Ian began badly and announced he didn't like the game. He surged back into contention and seemed briefly more enamoured. Then he fell away again. I stagnated too, but Adam made hay in the penultimate round, establishing a lead that was too strong for Martin to catch him:
Adam 20
Martin 16
Sam 14
Ian 12
Martin and Adam liked it. I was somewhere between their enthusiasm and Ian's chagrin. The main take-away for me was to have the song from Too Many Cooks going around in my head all night. Just after we finished, Joe vanquished Stanley in a nail-biting finish to Shards: with them both at death's door it was Joe's turn to attack and Stanley didn't draw the shield he needed.
Joe: wins
Stan: off to bed
Which left us as a five. Martin was keen to play Senators so after brief speculative mentions of Battle for Rokugan (one day...) and Northern Pacific, we embarked on our weekly bunfight for the senate.
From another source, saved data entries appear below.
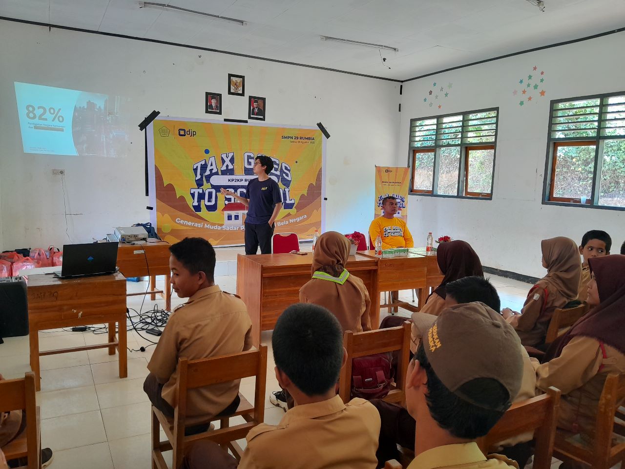 Kantor Pelayanan, Penyuluhan, dan Konsultasi Perpajakan (KP2KP) Rumbia menyelenggarakan Tax Goes To School di Aula Sekolah Menengah Pertama Negeri (SMPN) 29 Rumbia di Kabupaten Bombana, Provinsi Sulawesi Tenggara (Sabtu, 26/8).
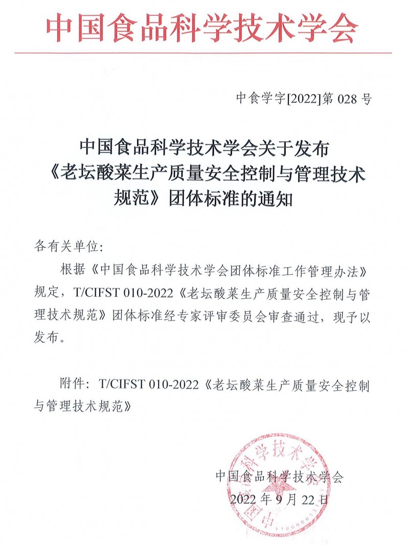 中國食品科學技術學會 關于發布T/CIFST 010-2022《老壇酸菜生產質量安全控制與管理技術規范》團體標準的通知(中食學字[2022]第028號)
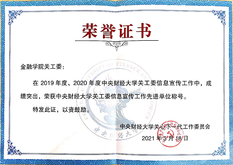 太阳成集团tyc122cc在疫情期间开展了多项关工委特色工作,以帮扶就业困难员工为着眼点,聘请12位员工进行针对性就业帮扶工作,并举办金融员工大讲堂,面向全体青年员工开展职业前景规划,取得了良好的成效。2021年,学院关工委将以“读懂中国”活动为契机,充分利用学院“五老”资源,为“五老”老有所为、发光发热创造条件、搭建平台,讲好太阳成集团tyc122cc“五老”的故事,传递奋斗金融人的时代最强音,引导和帮助青年员工提升修养、提高素质,做好关心下一代工作,献礼建党100周年。
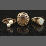 Three dress rings, each hallmarked and stamped 375, size K, M and O. Gross weight 7.18g approx
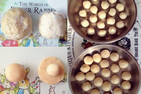 第一步,做蛋黄酥皮月饼的馅儿。蛋黄酥皮月饼也可以做多种口味的馅儿,这里以经典的豆沙蛋黄馅儿做例子给大家讲解。首先将豆沙搅拌揉捏,视制作月饼的个数,将豆沙分成均匀的小块。将豆沙搓成球形并压扁成饼,取出一颗熟蛋黄放在豆沙饼上,用豆沙将熟蛋黄包裹起来。每一个都这样做好,放到一旁待用。
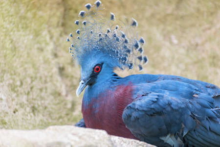 The Victoria crowned pigeon (Goura victoria), portrait of a big blue pigeon with a tuft on its head.
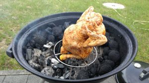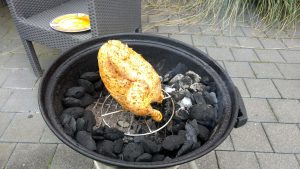 Ring aus Kohle um das Hähnchen aufschütten. Bei 180°C ca. 45 Minuten grillen.
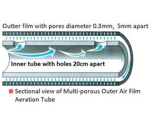 Multi-porous Outer Air Film Aeration Tube is assembled from a inner tube with holes which put on outside air film. The Outer Air Film is replaceable. We can replace Outer Air Film every few months. That makes the aeration keep good condition and the Multi-porous Outer Air Film Aeration Tube will used for long period.
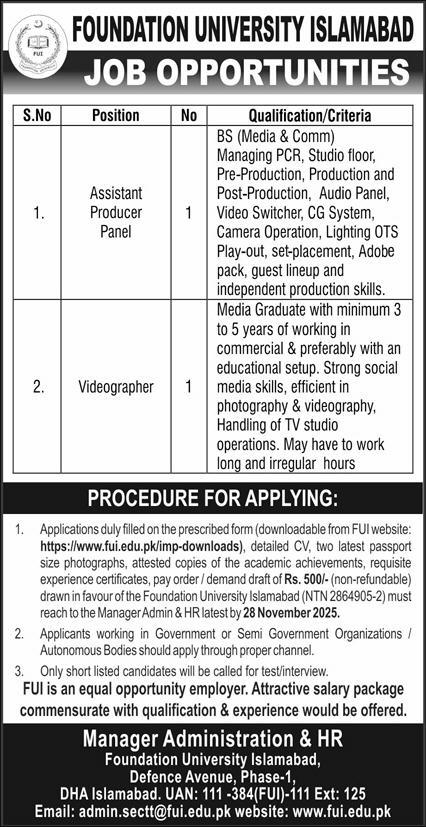 Foundation University Islamabad Islamabad, islamabad Islamabad Pakistan invites applications from eligible candidates for the post of assistant producer panel and videographer as per advertisement of November 17, 2025 published in daily Express Newspaper. Preferred Education is Intermediate and Bachelor etc.
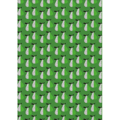 These papers, specially made, are thin but very strong so they will not tear or bobble when glue is applied, and are easily smoothed out. This paper has a retro design based on a pear shape in green and white with black out lines.
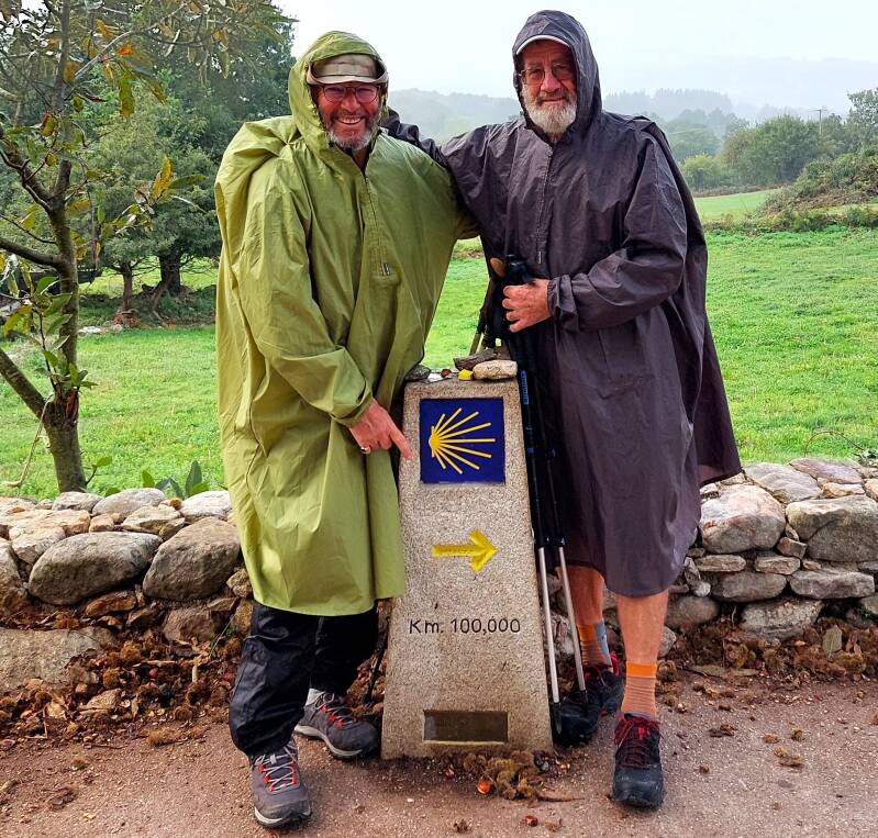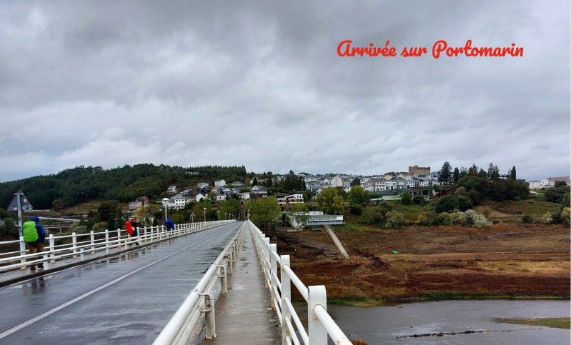 Comme avant-hier, il a pas mal plu dans l’après-midi, mais les chaussures ont quand même séché et ce matin nous pouvons les renfiler pour l’étape du jour. Nous remontons les rues de la ville et juste à la sortie, bingo...la pluie qui s’invite. Heureusement cela ne dure qu’un quart d’heure et ne nous empêche pas de marcher à la lumière de la frontale sur un chemin à travers bois. Le jour se lève quand nous arrivons à Barbadelo. Le Camino Francés continue à la fois sur le bitume et sur des chemins de terre jusqu’à Peruscallo où une auberge à l’entrée nous accueille pour la pause café. Quatre kilomètres après avoir repris la route à hauteur du village de Belante, il nous faut à nouveau capeler les vêtements de pluie bien qu’elle soit légère. Un peu plus loin à A Brea, devant nous plusieurs pèlerins font des photos autour d’une borne. Une fois devant, nous découvrons qu’il s’agit de la borne indiquant qu’il reste 100 km jusqu’à Saint-Jacques de Compostelle et nous prenons comme tout le monde la pause. Pour les dix derniers kilomètres alors que la pluie s’est arrêtée, c’est tout d’abord un chemin qui sinue dans la verte campagne en étant souvent bordé par des châtaigniers ; c’est incroyable, il y en a autant qu’en Ardèche. Une petite route prend ensuite le relais, puis de nouveau un chemin pour arriver à Villachá. Et enfin pour les deux derniers kilomètres effectués sous la pluie, un chemin bitumé qui nous amène au pied du pont de Portomarin que nous empruntons pour entrer dans la ville. Nous n’aurons pas long à marcher pour arriver à l’aire de camping-car où une excellente paella nous attend pour le déjeuner ; merci à nos chères et tendres qui assurent un max. Après la sieste, les nuages sont partis plus loin et le soleil a fait son apparition. Du coup, nous partons visiter la ville et arroser le passage officiel en dessous des 100 kilomètres, avant une soirée calme.

forgot to take any more pictures at this point, here's Senators being played at Martin's house
It was brutal. Adam in particular suffered from a dearth of money and fortune, as he constantly found himself penniless and senatorially bereft. Martin kept trying to extort money from me and being appalled when I sold things to him. Ian kept up a cash-supply with impressive consistency, especially in a game as barmy as Senators is. He at one point pulled off a spectacular 4-senator cash-in to take the lead, only to have Adam exact some minor pleasure from the game by immediately taking a senator off him.
Martin gambled on events that didn't arrive, and I paid nine sestertii for a Senator when everyone else bid zero. But despite that lavish spending, I pushed ahead of Ian and Joe to claim the seat of power:
Sam 12
Ian 11
Joe 10
Martin / Adam: 5
Adam, exhausted from
pic courtesy kalchio, BGG
In Tomatomato you pronounce increasingly long variations on the word tomato: get it wrong and your opponents get to - possibly - claim points; by spelling out the word 'tomato' obviously. Martin's speed at this game was so spectacular that neither Joe, Ian or I could keep up with him and had to trust his word that he wasn't just making random tomato-related noises up. Ian and I stumbled the most, but Joe and Martin tried to claim the same reward - cancelling it out - and I snuck the win:
Sam 3
Joe 2 (wins tie-breaker by owning a potato)
Martin / Ian 2
Then we split into teams to play Push It. Ian teamed up with Joe and I with Martin, as we sat diagonally across from each other. In the past we've played Team Push It pretty much to the same structure as solo Push It, but Martin spotted the team variant in the rules suggests that whichever team is furthest from the puck is currently active. This changed the dynamic of the game considerably, as it escalates the need to be close to the puck: remain furthest away, and you can swiftly run out of discs to fire at it, leaving your opponents with 2 or 3 free shots. Martin and I capitalised on the rule as we raced to a surprisingly one-sided victory:
Martin + Sam 21
Ian + Joe 2
Their only points came from me accidentally hitting the puck off the table. So astonished were we by this lopsided result that we played again. Joe was sure that going first was key to success, and his theory looked like it might hold water when he and Ian quickly established a 5-1 lead. But then it imploded as we raced past them again to another victory:
Martin + Sam 21
Ian + Joe 5
Despite their lack of success both Ian and Joe liked this team rule - we all did, as though it didn't make for the dramatic finales you often get when playing rigidly clockwise, it does enable some big results - and potentially big comebacks as well.
It was reasonably early for a Tuesday, but Ian especially had an early morning to look forward to and the evening came to a natural conclusion. Thanks all!
Sorry I couldn't make it, but in your honour I did play Castles of Burgundy on my phone against the highest AI at 9.30pm. I lost.